Managed Inference
Set up and interact with CosmicAC inference services for chat completions. Use these commands to configure your API credentials, select a model, and send prompts directly from the terminal.
Command
cosmicac inference <subcommand> [options]Subcommands
| Subcommand | Description |
|---|---|
| init | Set up API key and default model. |
| list-models | Display all available models. |
| chat | Send chat completion requests. |
inference init
Sets up your API key and default model for inference operations with an interactive setup.
Usage
cosmicac inference initExample
$ cosmicac inference init
? Select protocol: (Use arrow keys)
❯ HTTP (default)
HRPC (P2P)
? Enter your API key: ttr-proj-xxxxxxxxxxxx
Validating API key...
Project ID: proj_abc123
Key prefix: ttr-proj-xxx
? Select default model:
❯ TinyLlama/TinyLlama-1.1B-Chat-v1.0
meta-llama/Llama-2-7b-chat
API key and default model saved successfully.inference list-models
Displays all available models for inference operations.
Usage
cosmicac inference list-modelsExample
$ cosmicac inference list-models
Available models:
──────────────────────────────────────────────────
- TinyLlama/TinyLlama-1.1B-Chat-v1.0
ID: TinyLlama/TinyLlama-1.1B-Chat-v1.0 (default)

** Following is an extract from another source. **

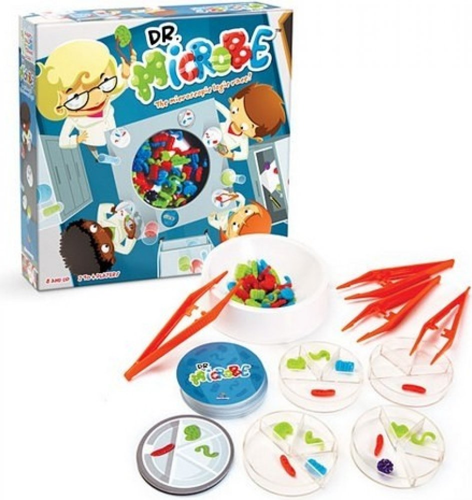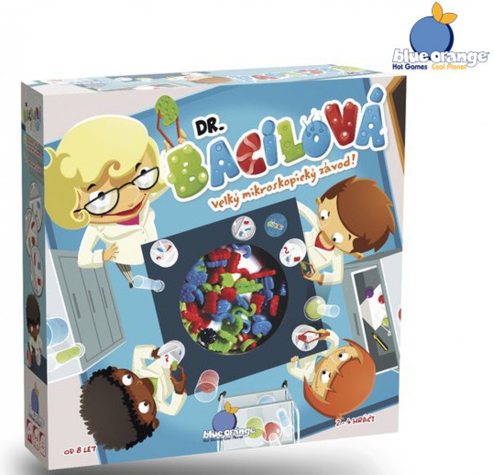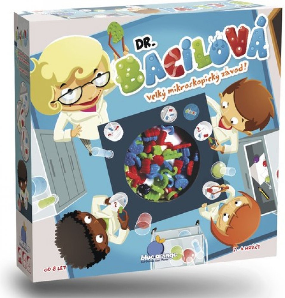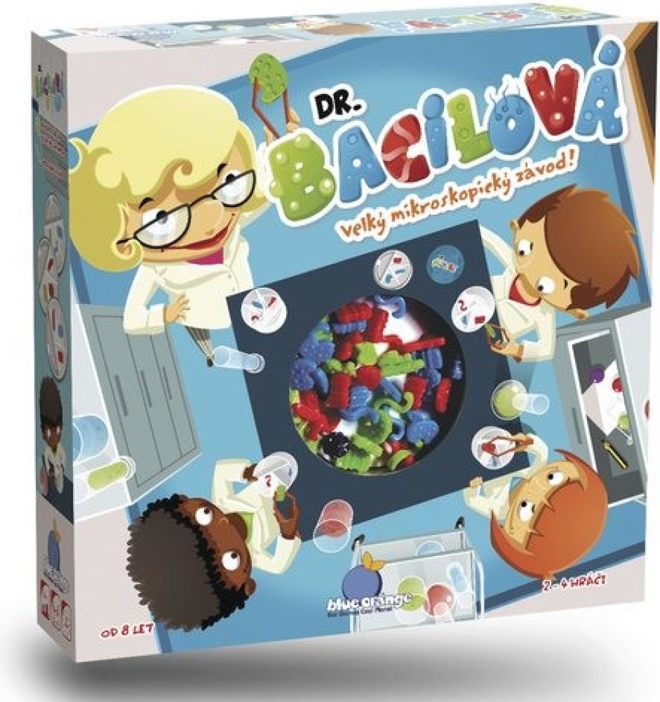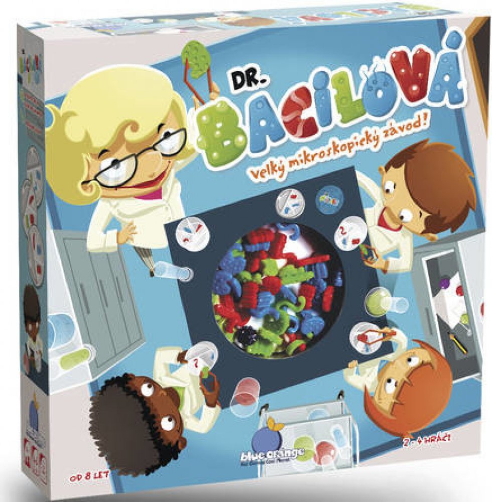 Obsah balení: pravidla, 54 karet zadání, 4 pinzety, 5 Petriho misek, 49 bacilů. Hra je dostupná v češtině a slovenštině.

Context length: 2,048 tokens
──────────────────────────────────────────────────
Total models: 1
Default model: TinyLlama/TinyLlama-1.1B-Chat-v1.0Note: You must run cosmicac inference init first, to set up your API key.
inference chat
Send chat completion requests to the configured inference endpoint.
Usage
cosmicac inference chat [options]Options
| Option | Description |
|---|---|
--message | Message to send (required in non-interactive mode). |
--model | Model to use (optional if default is set). |
--api-key | API key for authentication. |
--max-tokens | Maximum tokens to generate (default: 1000). |
--temperature | Temperature for sampling (default: 1.0). |
--stream | Enable streaming response (default: false). |
--interactive | Enable interactive chat mode (default: false) |
Examples
# Basic chat completion
$ cosmicac inference chat --message "Explain quantum computing"
# Interactive chat mode with streaming
$ cosmicac inference chat --interactive --stream
# Chat with streaming response
$ cosmicac inference chat --message "Say Hello" --stream
# Chat with specific model and parameters
$ cosmicac inference chat --message "Write a Python function" --model "TinyLlama/TinyLlama-1.1B-Chat-v1.0" --max-tokens 500 --temperature 0.7
# Using API key from the command line
$ cosmicac inference chat --api-key "ttr-proj-xxxx" --message "Hello"API Key Resolution
The API key is resolved in the following order:
--api-keyflagCOSMICAC_API_KEYenvironment variable- Stored key from
inference initcommand
Model Resolution
--modelflag- Default model from
inference initcommand
Note: If no model is provided and no default is set, you will be prompted to run cosmicac inference init.